• Problem description
Provide again, from the entries below, every line from the one containing "详情列表里带加号的选项,都支" through the one containing "Crewneck Sweatshirt — 'True", exactly as written, and no other line.

= = =

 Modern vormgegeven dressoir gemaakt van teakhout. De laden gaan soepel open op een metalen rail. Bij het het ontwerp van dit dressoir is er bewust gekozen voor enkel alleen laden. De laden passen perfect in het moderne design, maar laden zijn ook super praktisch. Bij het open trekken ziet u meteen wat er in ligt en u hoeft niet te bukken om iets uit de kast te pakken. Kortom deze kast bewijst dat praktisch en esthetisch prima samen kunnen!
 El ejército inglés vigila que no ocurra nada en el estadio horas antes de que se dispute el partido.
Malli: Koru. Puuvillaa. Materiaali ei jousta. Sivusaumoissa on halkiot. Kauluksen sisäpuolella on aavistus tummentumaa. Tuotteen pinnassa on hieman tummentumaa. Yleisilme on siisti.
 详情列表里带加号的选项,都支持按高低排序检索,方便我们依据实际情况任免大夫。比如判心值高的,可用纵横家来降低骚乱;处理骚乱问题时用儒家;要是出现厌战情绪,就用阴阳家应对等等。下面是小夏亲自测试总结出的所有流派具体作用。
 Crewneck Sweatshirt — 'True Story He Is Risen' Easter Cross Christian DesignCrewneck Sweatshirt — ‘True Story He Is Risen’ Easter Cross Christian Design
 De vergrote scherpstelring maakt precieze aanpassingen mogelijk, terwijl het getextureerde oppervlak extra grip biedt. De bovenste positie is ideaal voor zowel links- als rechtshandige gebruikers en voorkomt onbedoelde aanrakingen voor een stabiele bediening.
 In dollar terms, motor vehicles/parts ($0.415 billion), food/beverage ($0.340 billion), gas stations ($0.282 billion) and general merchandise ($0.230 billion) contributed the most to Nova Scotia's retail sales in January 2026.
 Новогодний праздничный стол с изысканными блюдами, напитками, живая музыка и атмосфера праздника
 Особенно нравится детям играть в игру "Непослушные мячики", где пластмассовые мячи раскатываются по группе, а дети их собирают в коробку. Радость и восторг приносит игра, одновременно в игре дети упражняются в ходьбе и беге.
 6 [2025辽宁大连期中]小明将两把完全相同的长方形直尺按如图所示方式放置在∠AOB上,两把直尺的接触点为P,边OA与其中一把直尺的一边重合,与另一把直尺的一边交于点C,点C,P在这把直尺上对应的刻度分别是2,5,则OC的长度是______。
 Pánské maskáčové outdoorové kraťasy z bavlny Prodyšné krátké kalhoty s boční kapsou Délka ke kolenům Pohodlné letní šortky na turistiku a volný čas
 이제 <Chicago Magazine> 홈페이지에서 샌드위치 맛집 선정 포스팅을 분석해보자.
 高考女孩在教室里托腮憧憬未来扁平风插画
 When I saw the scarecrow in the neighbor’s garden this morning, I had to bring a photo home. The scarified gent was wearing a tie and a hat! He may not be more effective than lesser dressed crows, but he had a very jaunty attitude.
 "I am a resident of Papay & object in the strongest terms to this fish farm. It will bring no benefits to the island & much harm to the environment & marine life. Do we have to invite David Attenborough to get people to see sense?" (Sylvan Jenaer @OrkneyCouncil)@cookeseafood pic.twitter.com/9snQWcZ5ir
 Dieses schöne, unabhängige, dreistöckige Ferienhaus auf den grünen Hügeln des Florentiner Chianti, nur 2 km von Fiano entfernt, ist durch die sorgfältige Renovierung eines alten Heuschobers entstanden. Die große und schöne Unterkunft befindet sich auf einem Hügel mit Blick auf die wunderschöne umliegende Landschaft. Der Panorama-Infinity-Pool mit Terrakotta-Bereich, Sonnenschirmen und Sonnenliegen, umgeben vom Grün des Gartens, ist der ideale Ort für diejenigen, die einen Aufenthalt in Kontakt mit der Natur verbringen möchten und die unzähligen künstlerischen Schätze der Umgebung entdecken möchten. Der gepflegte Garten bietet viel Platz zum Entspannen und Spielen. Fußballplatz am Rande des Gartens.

= = =

• Written reply
 详情列表里带加号的选项,都支持按高低排序检索,方便我们依据实际情况任免大夫。比如判心值高的,可用纵横家来降低骚乱;处理骚乱问题时用儒家;要是出现厌战情绪,就用阴阳家应对等等。下面是小夏亲自测试总结出的所有流派具体作用。
 Crewneck Sweatshirt — 'True Story He Is Risen' Easter Cross Christian DesignCrewneck Sweatshirt — ‘True Story He Is Risen’ Easter Cross Christian Design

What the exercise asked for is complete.